Thomas de Thomon initially worked for the Golytsins in their country residences and later relocated to Saint Petersburg; on 30 January 1802 he was hired by the Imperial government to rebuild Bolshoi Kamenny Theatre. The project that started as a modest refit soon expanded into a full-scale rebuild to Thomon's own draft. It was structurally completed in one year; Thomas de Thomon remained its architect until the fire of 1 January 1811.

In 1804 Thomas de Thomon applied to an architectural contest to design naval warehouses on Matisov Island in Saint Petersburg; the resulting contract, completed in 1807, was split among three competing architects: facades were built to Thomas de Thomon's design while floorplans and construction management were handled by his rivals. The buildings were demolished in 1914, Lev Rudnev reused their stone blocks for a monument on the Field of Mars.
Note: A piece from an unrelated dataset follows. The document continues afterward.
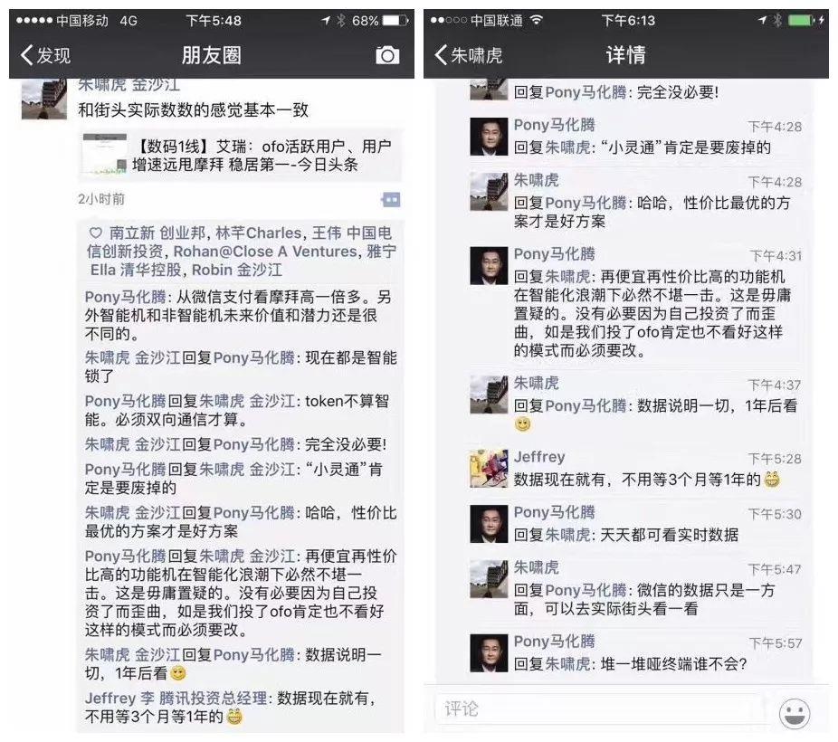 除去补贴大战,摩拜和ofo背后的资本力量,也时不时在公开场合进行一番较量,其中最经典的就是腾讯CEO马化腾和金沙江创投朱啸虎在朋友圈的那次“嘴炮”。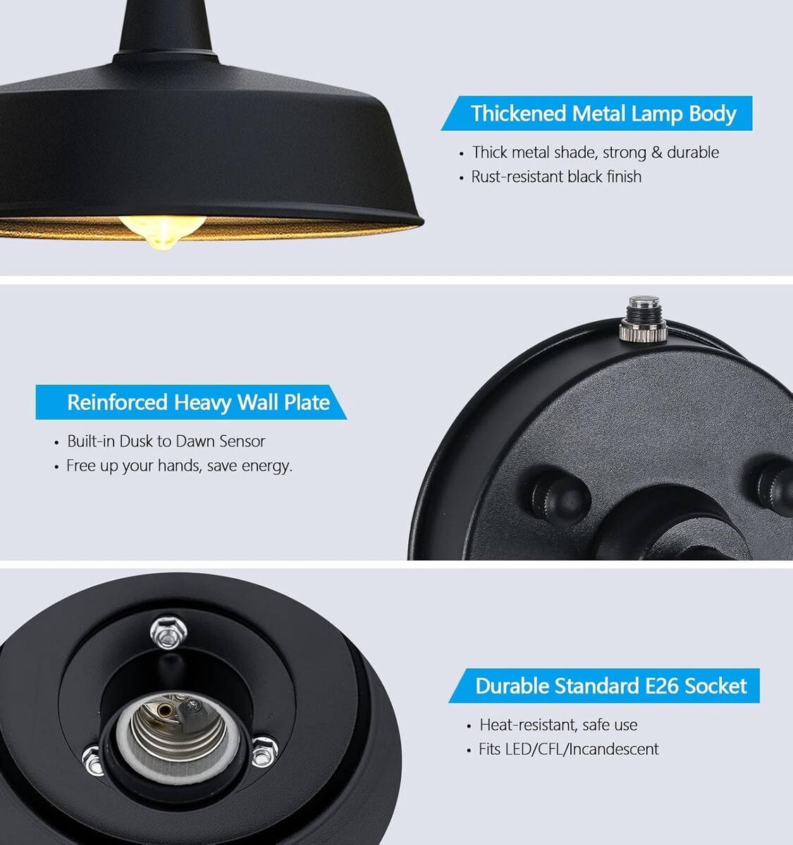 Standard E26 Socket:The outdoor farm light black finish uses standard American E26 bulbs (bulb NOT included), Max 60W, 120V

In 1807–1809 Thomas de Thomon supervised construction of the monument to Paul I of Russia in Pavlovsk. The contract was won in an open contest against Andrey Voronikhin, Andreyan Zakharov and Pietro Gonzaga. Another monument by Thomas de Thomon, a column commemorating centennial of the Battle of Poltava, was erected in Poltava in 1805–1811. In 1806–1809 he built three monumental fountains around Pulkovo Heights, one to design by Voronikhin and two of his own. Two of them were later relocated to downtown Saint Petersburg (to Sennaya Square and Kazan Cathedral Square).

His best known work, Old Stock Exchange on the spit of Vasilyevsky Island, was completed in 1805–1810 to a design approved shortly before the death of Paul of Russia; Thomon's drafts were preferred to earlier 1781 proposal by Giacomo Quarenghi, that was suspended in 1784. Quarenghi placed his Exchange on the southern side of the island, facing the Palace Embankment. Thomas de Thomon radically moved his building on the island's axis, producing a highly symmetrical ensemble tying together the island and both sides of the Neva River, from the Winter Palace to the Peter and Paul Fortress.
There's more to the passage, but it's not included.